> [ASSIGNED TASK]
Your copy starts at the line containing "VIN | AF67-1147313 |" and ends at the last line below. Copy exactly, without pictures.

> [DATASET CONTENT]
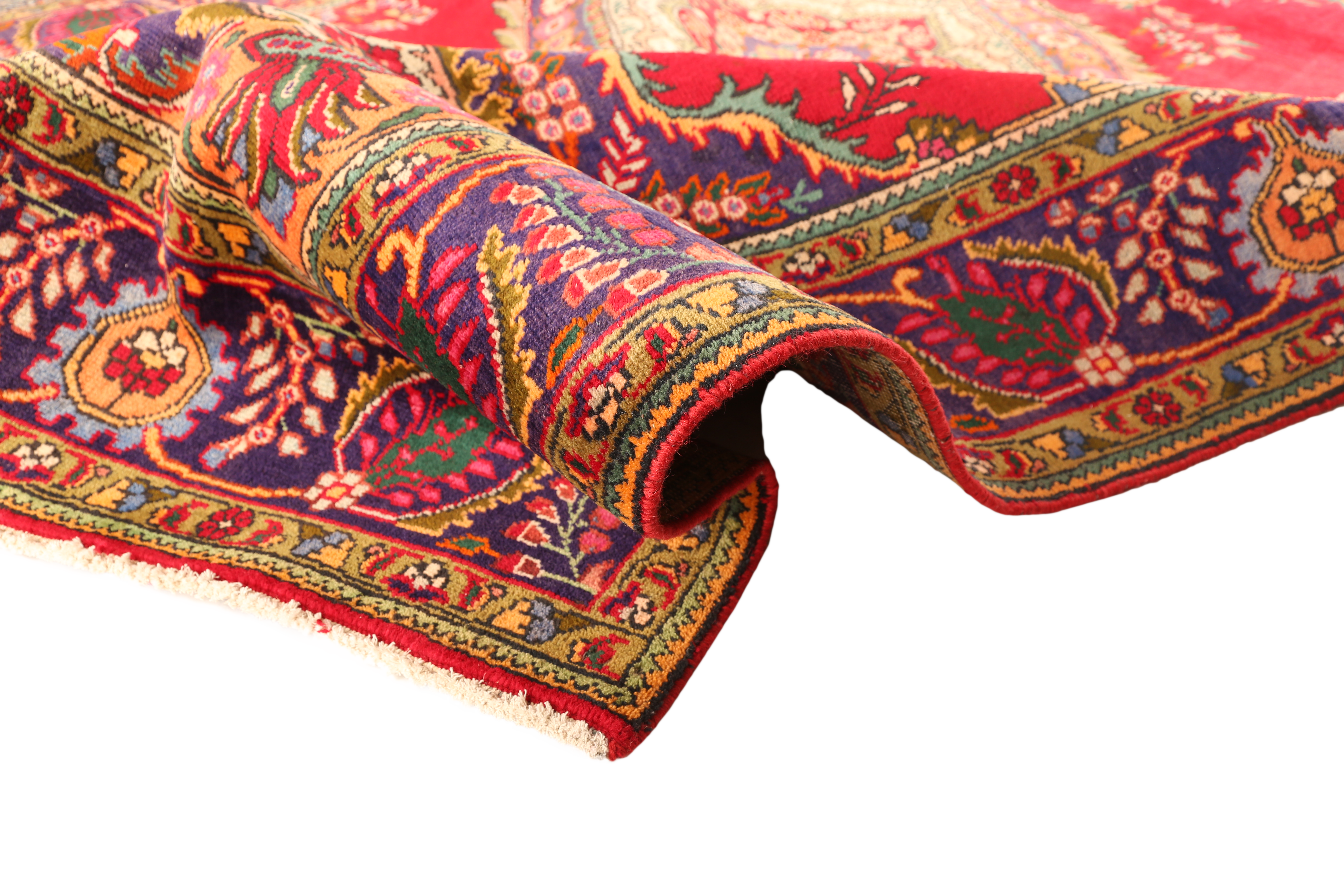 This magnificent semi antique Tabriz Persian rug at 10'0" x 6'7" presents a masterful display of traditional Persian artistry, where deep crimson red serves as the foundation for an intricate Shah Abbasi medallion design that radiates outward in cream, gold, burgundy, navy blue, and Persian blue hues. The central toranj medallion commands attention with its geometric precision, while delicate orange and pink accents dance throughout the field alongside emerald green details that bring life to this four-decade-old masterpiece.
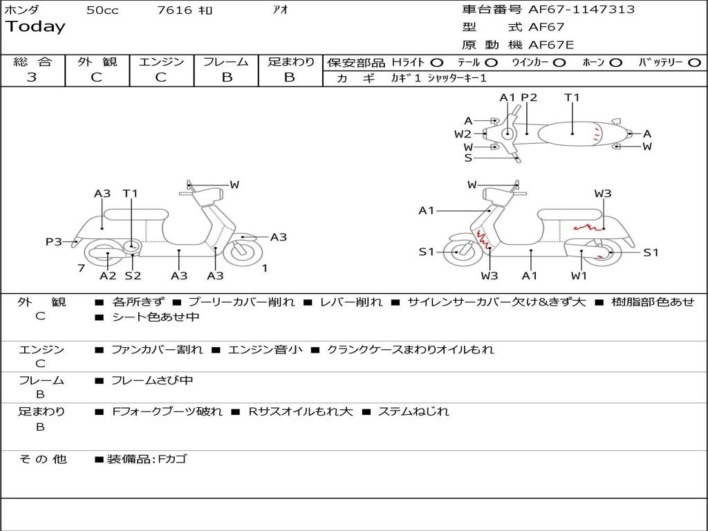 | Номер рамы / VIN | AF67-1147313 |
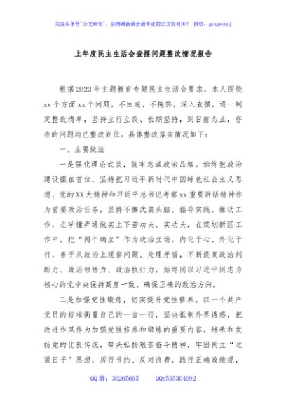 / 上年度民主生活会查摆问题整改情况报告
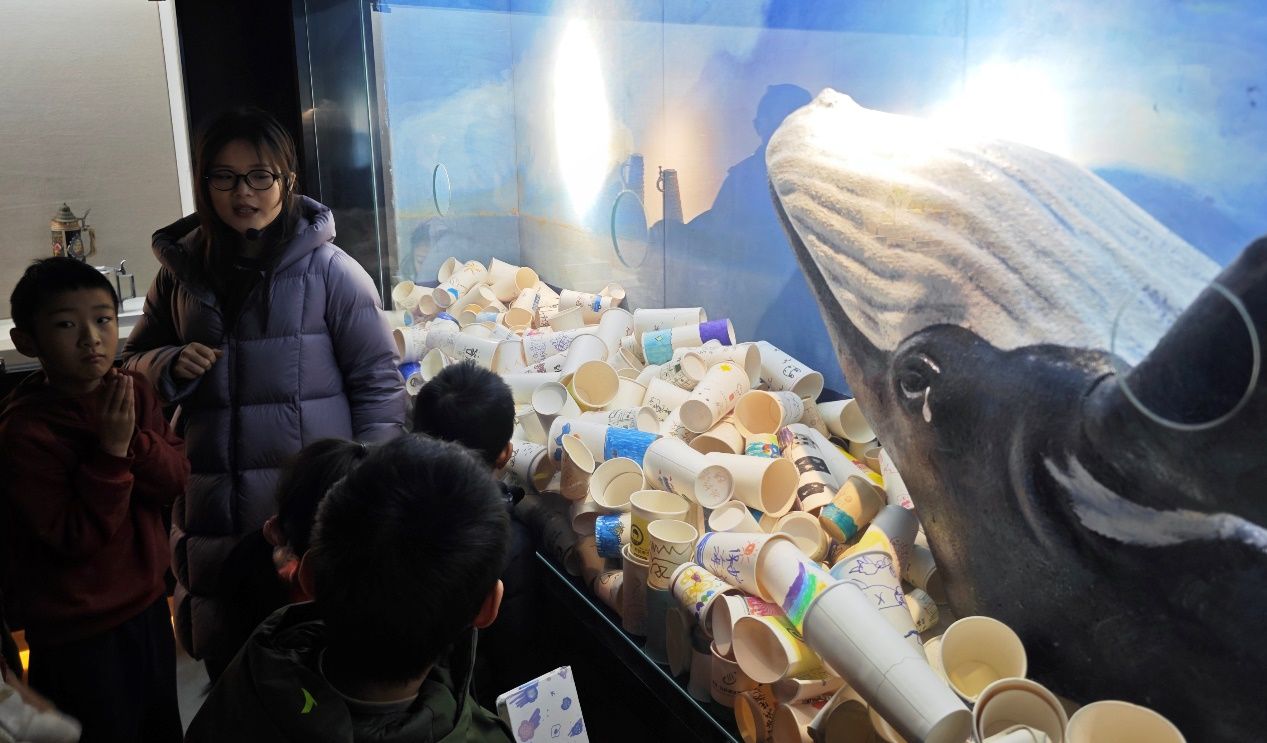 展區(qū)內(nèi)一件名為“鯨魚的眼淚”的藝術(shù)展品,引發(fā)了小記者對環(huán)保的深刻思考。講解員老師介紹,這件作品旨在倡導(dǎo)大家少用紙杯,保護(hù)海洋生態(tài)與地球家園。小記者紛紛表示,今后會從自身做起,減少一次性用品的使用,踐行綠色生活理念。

> [EXERCISE RESULT]
 | Номер рамы / VIN | AF67-1147313 |
 / 上年度民主生活会查摆问题整改情况报告
 展區(qū)內(nèi)一件名為“鯨魚的眼淚”的藝術(shù)展品,引發(fā)了小記者對環(huán)保的深刻思考。講解員老師介紹,這件作品旨在倡導(dǎo)大家少用紙杯,保護(hù)海洋生態(tài)與地球家園。小記者紛紛表示,今后會從自身做起,減少一次性用品的使用,踐行綠色生活理念。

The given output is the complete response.